Natural Language Processing (NLP) has made large strides in recent years, with Microsoft most recently setting a new speech recognition record. The Microsoft researchers reached a 5.1% word error rate for its conversational speech recognition system on the 2000 Switchboard evaluation set. What is significant about this error rate is that the accuracy of the program is now on par with professional human transcribers.

 

Last year, the same Microsoft research group reached an error rate of 5.9%. What was different this time around is the introduction of an additional model, a convolutional neural network combined with bidirectional long-short-term memory (CNN-BLSTM). The progression of convolutional neural networks to work with NLP has played a large role in these milestones being set. Additionally, the increase in GPU power and performance has played a role in the speed and effectiveness of training models.

 

Another important factor in this new lower error is that in this speech recognition system the researchers enabled the recognizer to use whole conversations. This is significant as it makes the machine learn to process much more like humans, who while in a conversation can predict which words or phrases might come next.

 

Microsoft points to their Speech Translator service as a direct result of the advances in NLP. This service can translate presentations in real time for multi-lingual audiences.

 

Microsoft’s Speech Translator Service.
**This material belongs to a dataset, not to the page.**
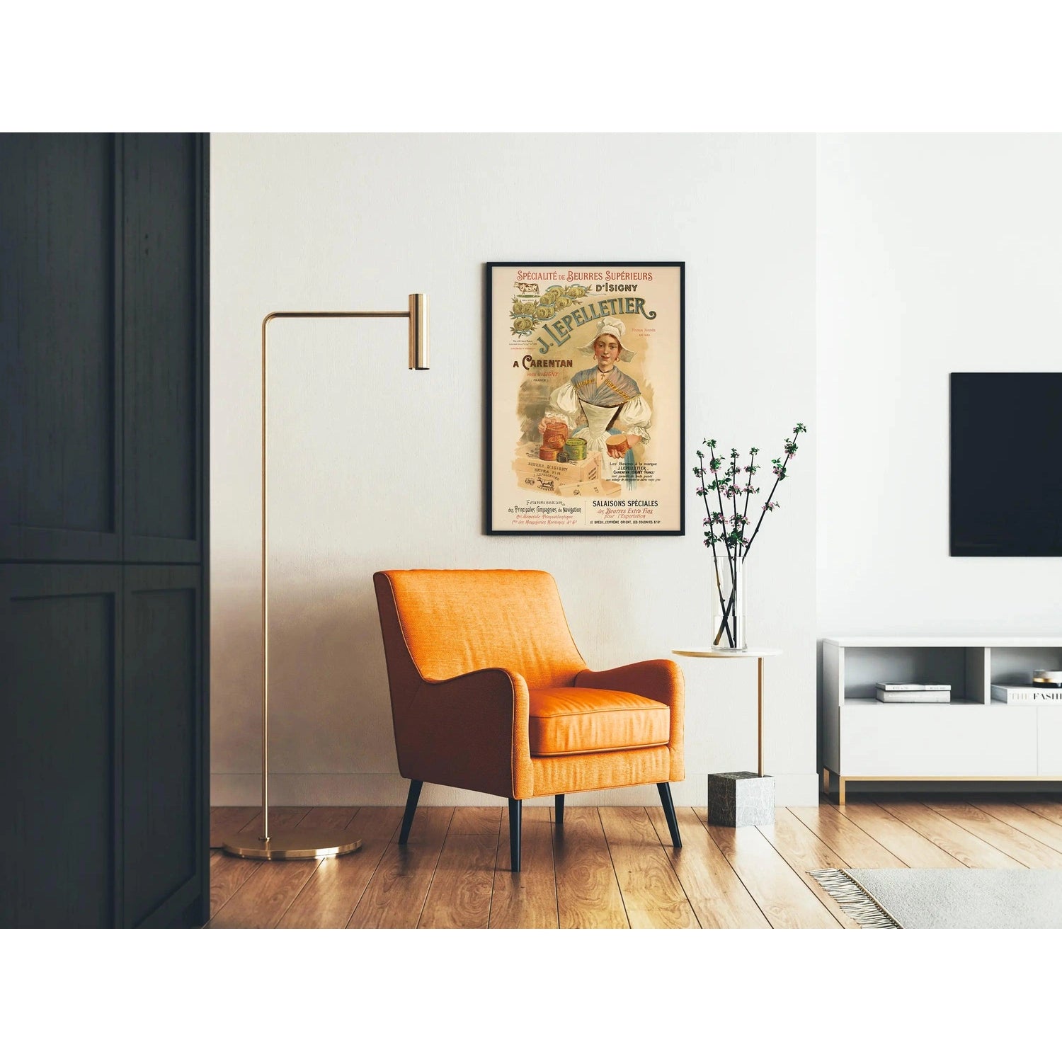 Offrez à vos murs le charme authentique des réclames d’époque avec cette affiche publicitaire vintage consacrée au beurre d’Isigny de la maison J. Lepelletier.

Source: Microsoft Research Blog

 

NLP has a long history, and one can say it formally began in 1950 with Alan Turing’s article, “Computing Machinery and Intelligence.” From this paper emerged the Turing test, where the assertion was that a computer would be intelligent when a human conversed with a computer without realizing it was a machine. Since then, there have been many attempts to improve machine translation and language processing. Most 90’s kids had a try with AOL Instant Messenger’s Chatbots. And today there are various chatbots and digital assistants that use NLP.

 

What’s great about this achievement is that these speech recognition abilities are used in actual Microsoft services like Cortana. NLP can be used in a wide range of applications, more than just the intelligent personal assistants we know today. NLP can be used to process unstructured text in medical records. Another key use is machine translation, which can improve access to information to people across language barriers. Moving forward, researchers will look to teach machines to understand intent and meaning in speech, which will open up a whole new frontier of uses and applications.